**Exercise objective**
No pictures should appear. The lines from the beginning of the listing through the one holding "圓頂周遭的半圓形拱頂畫作也很" must be reproduced exactly, and nothing more.
Segment Start: Data extracts
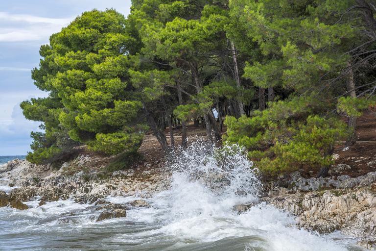 Keywords: sea waves trees water beach rocks horizon spray cliff wind blue landscape costa sassi
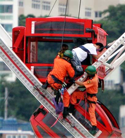 מנסים לחלץ את הנוסעים מהגלגל הענק התקוע, היום בבוסאן (צילום: AP)
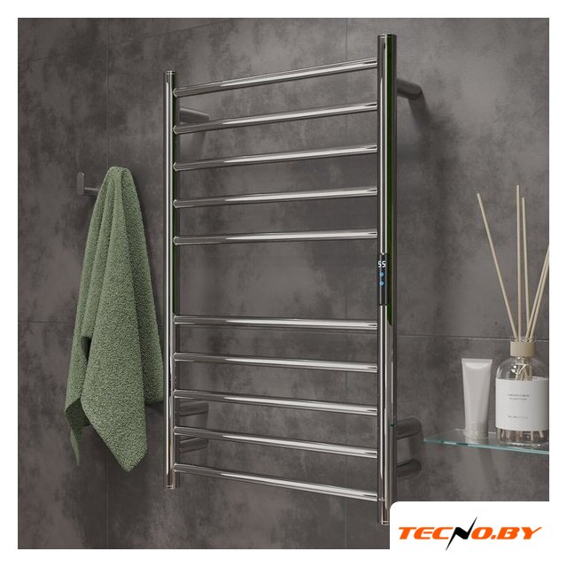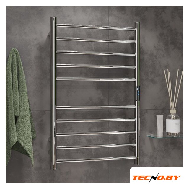 электрический, "лесенка", нержавеющая сталь, подключение боковое, таймер, терморегулятор, 63x50 см, цвет: хром
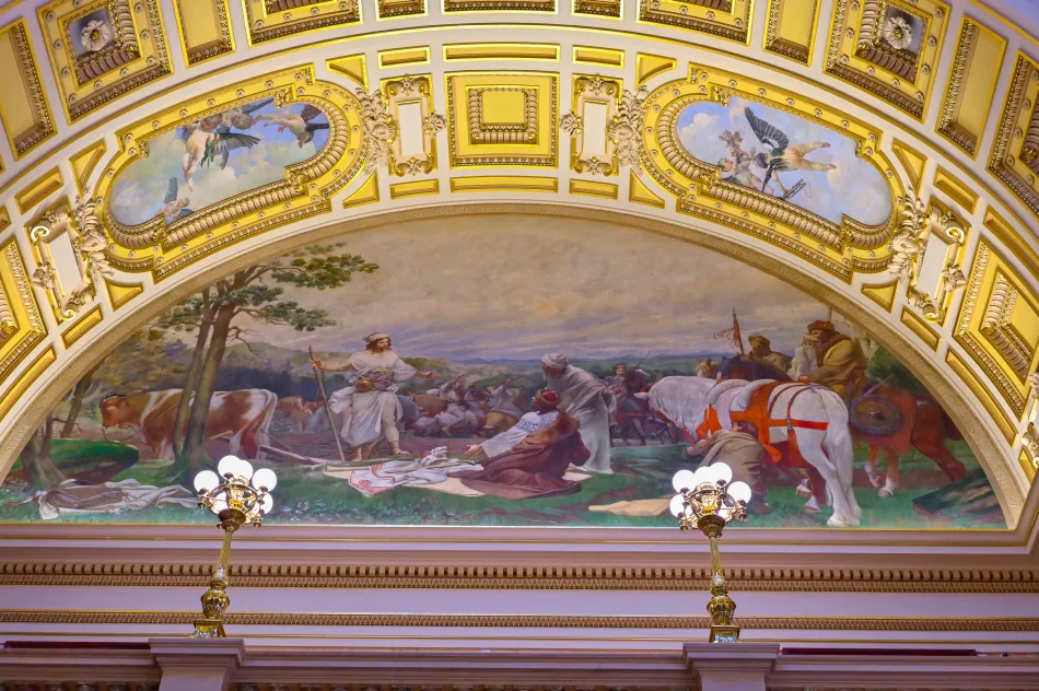 圓頂周遭的半圓形拱頂畫作也很值得細看,有些是捷克名人,也些則是象徵權力、科學、藝術等等,等等逛到高處的時候可以好好欣賞。
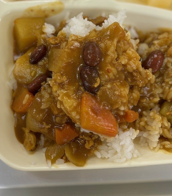 14日は、豚肉と金時豆のカレー。豆が苦手な児童も豆に気が付かずに食べている姿がありました。
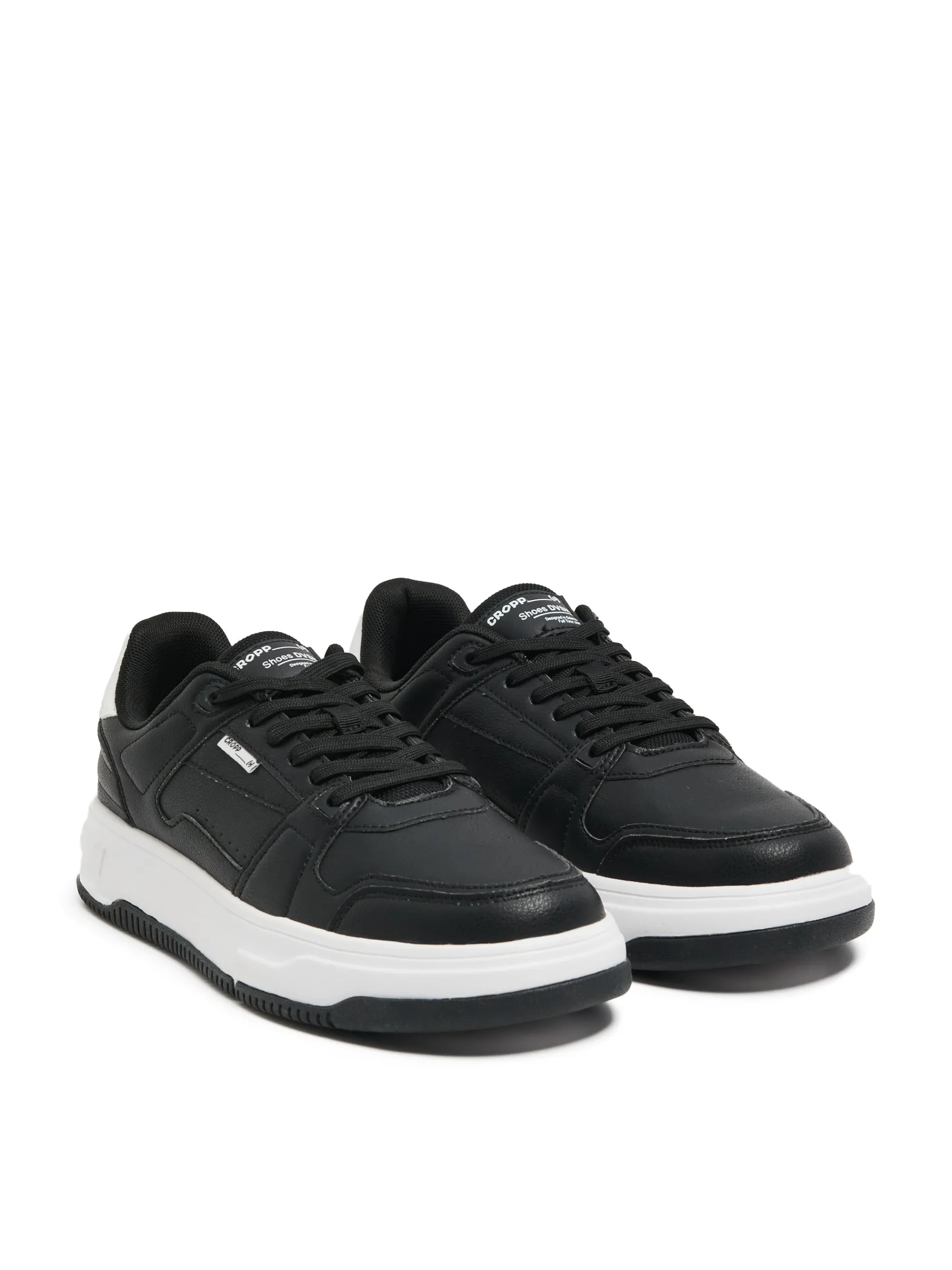 Męskie sneakersy o niskim, wygodnym fasonie. Czarna cholewka i kontrastowe, białe elementy, czyli klasyka w nowoczesnym wydaniu. sznurowane sneakersy w klasycznym stylu wykonane z łączonych materiałów podeszwa wykonana z mieszanki phylonu i gumy termoplastycznej wiązane na płaskie, czarne sznurowadła ozdobna naszywka
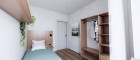 Die Grundrisslösung des Apartments legt Wert auf Funktionalität, ausreichend Tageslicht und eine fließende Verbindung des Innenraums mit dem Außenbereich durch eine großzügige Terrasse. Der Eingangsbereich besteht aus einem Vorraum, von dem aus man in den Wohnraum mit Küchenbereich und direktem Ausgang zur Terrasse gelangt. An den Wohnbereich schließen sich zwei Zimmer und ein Badezimmer mit WC an.
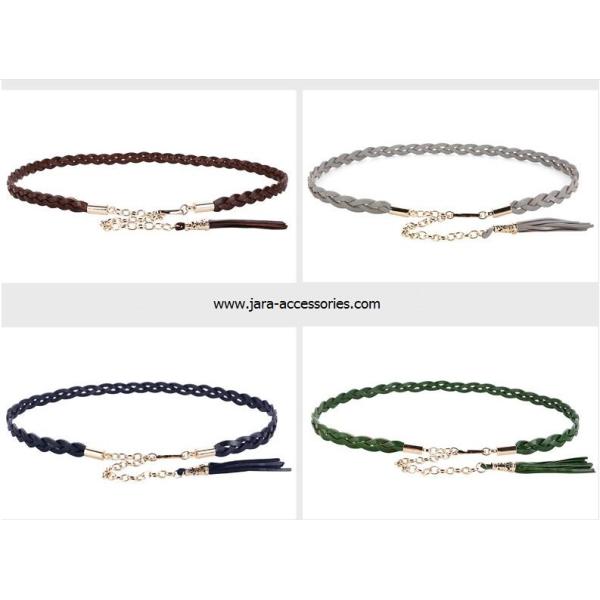 2cm PU & Metal Chain Belt , Black Womens Braided Belts With Gold Buckle
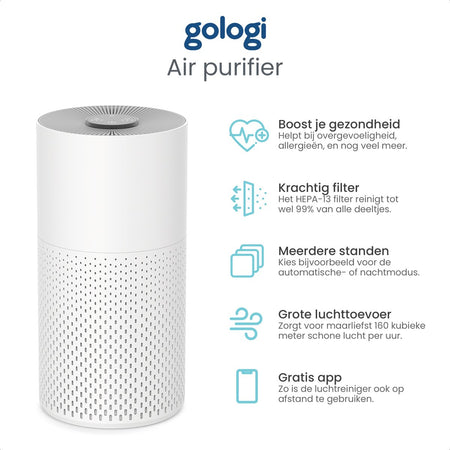 Verwijder tot wel 99,95% van de bacteriën, pollen, virussen en stof uit je leefomgeving met de Gologi luchtreiniger. Dankzij de geavanceerde HEPA 13 filter wordt bijna alle vervuilde lucht uit je huis gefilterd, wat bijdraagt aan het verminderen van irritaties aan de luchtwegen of verkoudheden. Bovendien maakt de handige Gologi app het mogelijk om eenvoudig de luchtkwaliteit te monitoren en het apparaat te besturen vanaf je smartphone, waardoor je altijd en overal controle hebt over een gezondere binnenlucht.
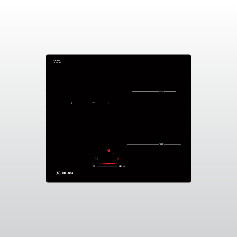 Bếp kính âm 2 từ 1 điện Malloca MIR 593 được thiết kế theo kiểu vuông, tiện lợi cho các không gian chật về bề ngang nhưng vẫn có thể nấu được 3 món ăn cùng một lúc.
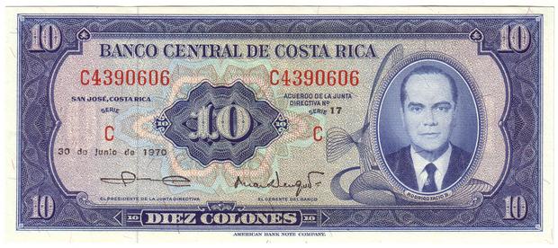 Лицевая сторона банкноты Коста-Рики номиналом 10 Колонов Обратная сторона банкноты Коста-Рики номиналом 10 Колонов
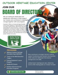 Founded in 1998, the Outdoor Heritage Education Center group continues to fulfill its Mission to:
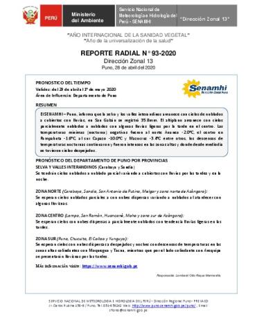 SENAMHI-DZ13 Puno: Reporte radial de 28 de abril del 2020
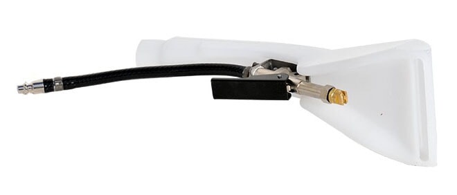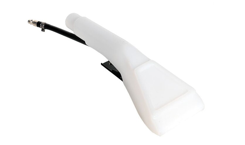 Med spraydyse for jevn utlegging av tepperensmiddel.
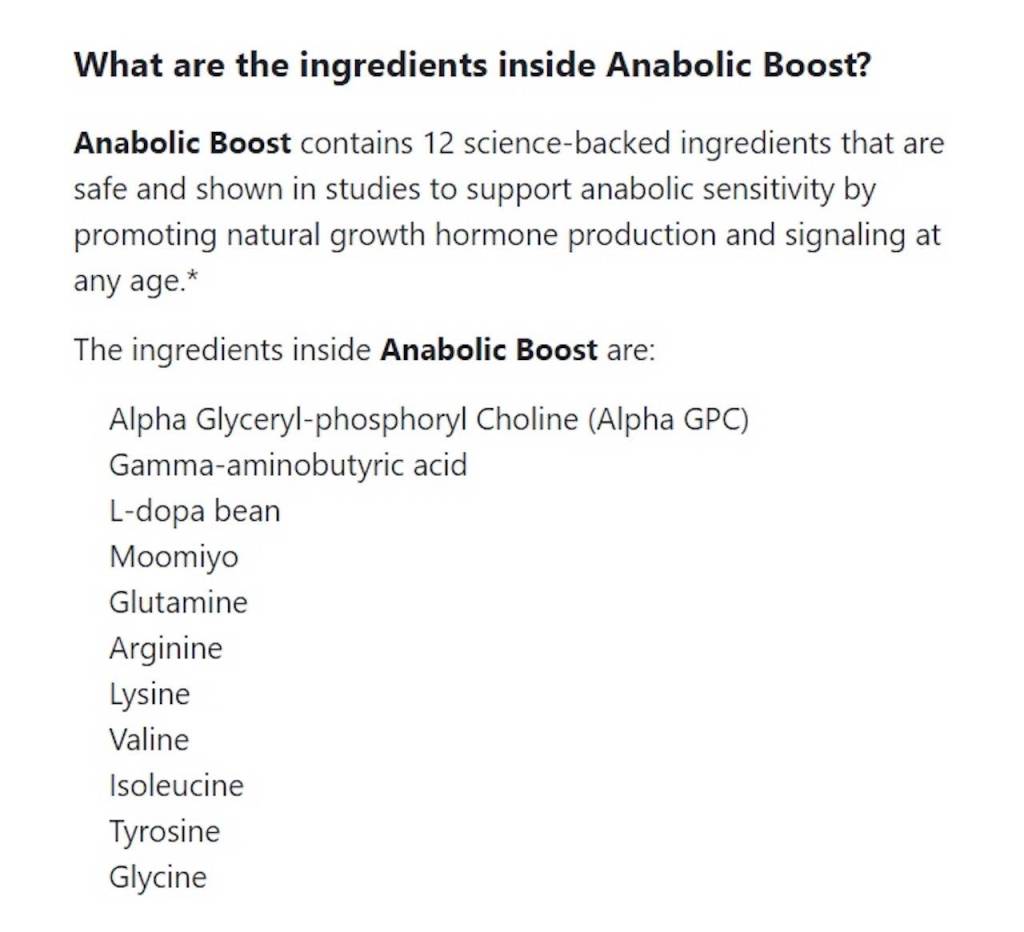 Anabolic Boost makers do not disclose the full list of ingredients or dosages upfront, making it impossible to compare Anabolic Boost to scientific studies or to competing for testosterone boosting supplements.
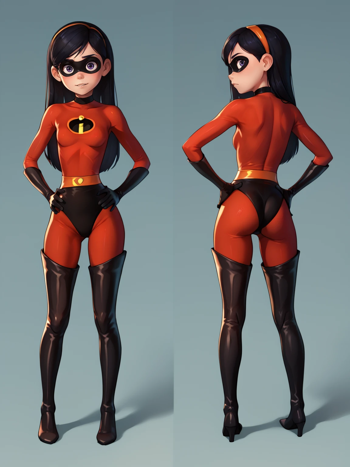 SuperHero prompts : mask, black hair, long hair, hairband, blue eyes, purple eyes, bodysuit, gloves, boot, thighhighs, thigh boots
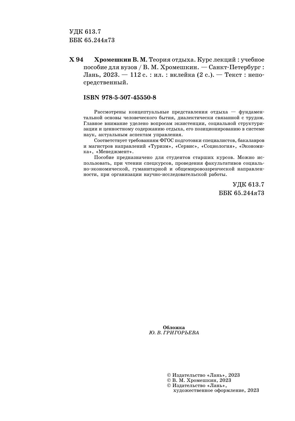 Рассмотрены концептуальные представления отдыха — фундаментальной основы человеческого бытия, диалектически связанной с трудом. Главное внимание уделено вопросам экзистенции, социальной структуризации и ценностному содержанию отдыха, его позиционированию в системе наук, актуальным аспектам управления. Соответствует требованиям ФГОС подготовки специалистов, бакалавров и магистров направлений «Туризм», «Сервис», «Социология», «Экономика», «Менеджмент». Пособие предназначено для студентов старших курсов. Можно использовать, при чтении спецкурсов, проведения факультативов социально-экономической, гуманитарной и общемировоззренческой направленности, при организации научно-исследовательской работы.
Segment End: Data extracts
**Result below**
 Keywords: sea waves trees water beach rocks horizon spray cliff wind blue landscape costa sassi
 מנסים לחלץ את הנוסעים מהגלגל הענק התקוע, היום בבוסאן (צילום: AP)
 электрический, "лесенка", нержавеющая сталь, подключение боковое, таймер, терморегулятор, 63x50 см, цвет: хром
 圓頂周遭的半圓形拱頂畫作也很值得細看,有些是捷克名人,也些則是象徵權力、科學、藝術等等,等等逛到高處的時候可以好好欣賞。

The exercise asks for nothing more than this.